Loading and Exploring Text Data

  • The disaster tweets dataset has 7,613 tweets with a 43 percent disaster rate, making it reasonably balanced
  • Exploring class balance and tweet length up front tells you the baseline to beat and a sensible sequence length

Cleaning and Vectorizing

  • Light cleaning (lowercasing, stripping URLs, mentions, punctuation, and numbers) reduces noise without losing meaning
  • TextVectorization turns text into integer sequences, and an Embedding layer maps each token to a learned vector
  • Adapt the vectorizer on the training split only to avoid leaking test information

Comparing Model Families

  • A dense embedding model ignores word order and reached 0.710 accuracy, a solid baseline
  • A bidirectional LSTM reads order in both directions and reached 0.751
  • A transformer uses parallel self-attention and was best at 0.753, with a large efficiency advantage at scale

Evaluating Honestly

  • A confusion matrix splits predictions into true/false positives and negatives
  • Precision (0.707) is how often a flagged tweet is really a disaster; recall (0.726) is how many real disasters you caught
  • Moving the decision threshold trades precision against recall

Error Analysis

  • The hardest mistakes come from metaphor and slang (“this party is fire”) and from sarcasm
  • About 75 percent accuracy is respectable on short, ambiguous, noisy tweets
  • A pretrained transformer like DistilBERT is the most effective next step for higher accuracy

Why This Matters

This project is a miniature of nearly every real NLP system you will build: get messy text, clean it, turn it into numbers, try a few architectures of increasing power, and then judge the winner with metrics that match the business cost of its errors. The specific dataset changes, but the workflow does not.

It also makes a quieter point about modern machine learning. The transformer barely beat the LSTM here, not because attention is weak, but because it learned English from scratch on only a few thousand tweets. The real power of transformers shows up when they arrive pretrained on enormous corpora and you simply fine-tune them. Understanding that distinction is what separates someone who can copy a model from someone who knows which lever to pull next.


Next Steps

You have assembled the entire module into one working project and evaluated it like a professional. From here, revisit the broader program or return to this module’s overview to review any technique you want to strengthen.

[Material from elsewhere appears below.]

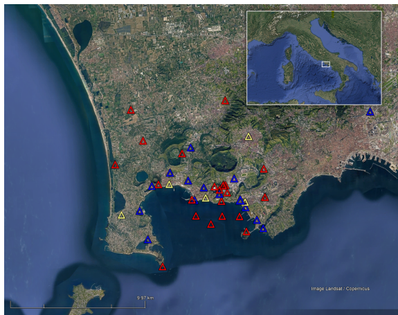 图1.红色三角形代表永久地震台网的INGV-OV地震台站,蓝色三角形代表RAN加速度计,黄色三角形代表INGV临时安装的加速度计,这些加速度计将地震台网与专有数据记录器和高质量MEMS加速度计集成在一起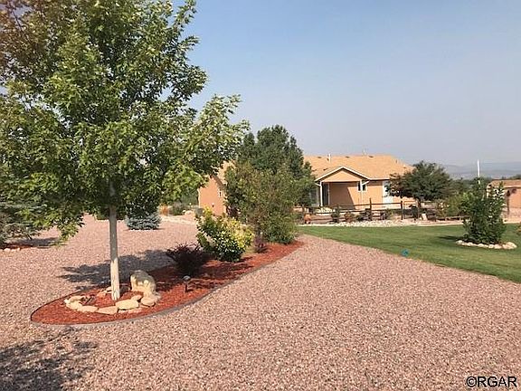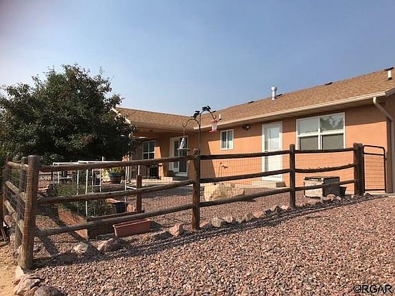 Well maintained ranch home on almost an acre with tons of extras. Peaceful setting with gorgeous views in every direction. Living Room has wood floors and gas log fireplace with seat and tile accents. Formal Dining Room has access to covered back patio. Large Kitchen has tons of cabinet and counter space. Huge Laundry Room that also has storage. Great floor plan. Exterior has several outbuildings being used for storage but one could be converted back to chicken coop. Yard has partial fence and is professionally landscaped and absolutely beautiful including grass, flowering shrubs, trees, flowers and more. Sprinkler system and drip system. 2 car attached garage with door to exterior. Country feel but close to Canon City and Florence.

Machine Learning Program Overview

Return to the full Machine Learning program and explore the other modules.

Back to Module Overview

Return to the Natural Language Processing for Deep Learning module overview.


Keep Building Your Skills

You just took a noisy, real-world dataset and turned it into a model that catches roughly three out of four disaster tweets, with a clear-eyed understanding of where and why it fails. That combination of building and critiquing is the heart of practical machine learning. Carry the habit forward: whatever model you train next, do not stop at the accuracy number. Look at the confusion matrix, read the mistakes, and ask what the next lever should be. That is how good models become great ones.